(no title)
l_t | 4 years ago
Conceptually, the important thing is each stage waits to "ACK" the message until it's durably persisted. And when the message is sent to the next stage, the previous stage _waits for an ACK_ before assuming the handoff was successful.
In the case that your application code is down, the other party should detect that ("Oh, my webhook request returned a 502") and handle it appropriately -- e.g. by pausing their webhook queue and retrying the message until it succeeds, or putting it on a dead-letter queue, etc. Your app will be "out of sync" until it comes back online and the retries succeed, but it will eventually end up "in sync."
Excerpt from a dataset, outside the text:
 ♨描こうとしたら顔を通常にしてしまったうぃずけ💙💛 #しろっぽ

Of course, the issue with this approach is most webhook providers... don't do that (IME). It seems like webhooks are often viewed as a "best-effort" thing, where they send the HTTP request and if it doesn't work, then whatever. I'd be inclined to agree that kind of "throw it over the fence" webhook is not great and risks permanent desync. But there are situations where an async messaging flow is the right decision and believe it or not, it can work! :)
atombender|4 years ago
For example, you rolled out code on the receiver side that did the wrong thing with each message. Now there's no way to replay the old webhooks events in order to reinstate the right behaviour; there's no way to ask the producer to send them again.
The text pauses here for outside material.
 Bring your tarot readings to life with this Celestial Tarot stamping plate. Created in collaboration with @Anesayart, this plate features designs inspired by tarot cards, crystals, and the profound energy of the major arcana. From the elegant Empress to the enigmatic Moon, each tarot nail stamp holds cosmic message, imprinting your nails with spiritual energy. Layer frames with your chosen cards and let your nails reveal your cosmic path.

The only way around this is to store a record of every received message on the receiver side, too, which the article author thinks is an unnecessary burden compared to polling.
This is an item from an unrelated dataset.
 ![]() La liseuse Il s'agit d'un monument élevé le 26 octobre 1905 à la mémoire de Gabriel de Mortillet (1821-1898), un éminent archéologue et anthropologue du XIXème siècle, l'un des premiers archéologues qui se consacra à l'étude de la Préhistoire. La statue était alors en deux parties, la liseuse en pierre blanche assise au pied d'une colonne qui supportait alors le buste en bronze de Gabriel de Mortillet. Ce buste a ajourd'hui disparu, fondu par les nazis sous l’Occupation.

Personally, I think push is an antipattern in situations where data needs to be kept in sync. The state about where the consumer is in the stream should be kept at the consumer side precisely so it can go back and forth.
curryst|4 years ago
Of course, then you need a way for the receiver to retrigger or view the webhook if one gets missed, which starts to look like you have to have a polling endpoint anyways, though.
BasieP|4 years ago
I know the goal for most systems is just to be 'up to date' Not to get the entire history. So in most cases you don't need to stash all the messages, you just need to be able to retreive the latest state of stuff...
ThrowawayR2|4 years ago
Embedded systems don't do that for webhooks because they can't (very little RAM or non-volatile storage) but customers clamor for webhooks anyway because it's what their web developers know how to use. So inevitably they're going to lose data but they're only getting what they asked for.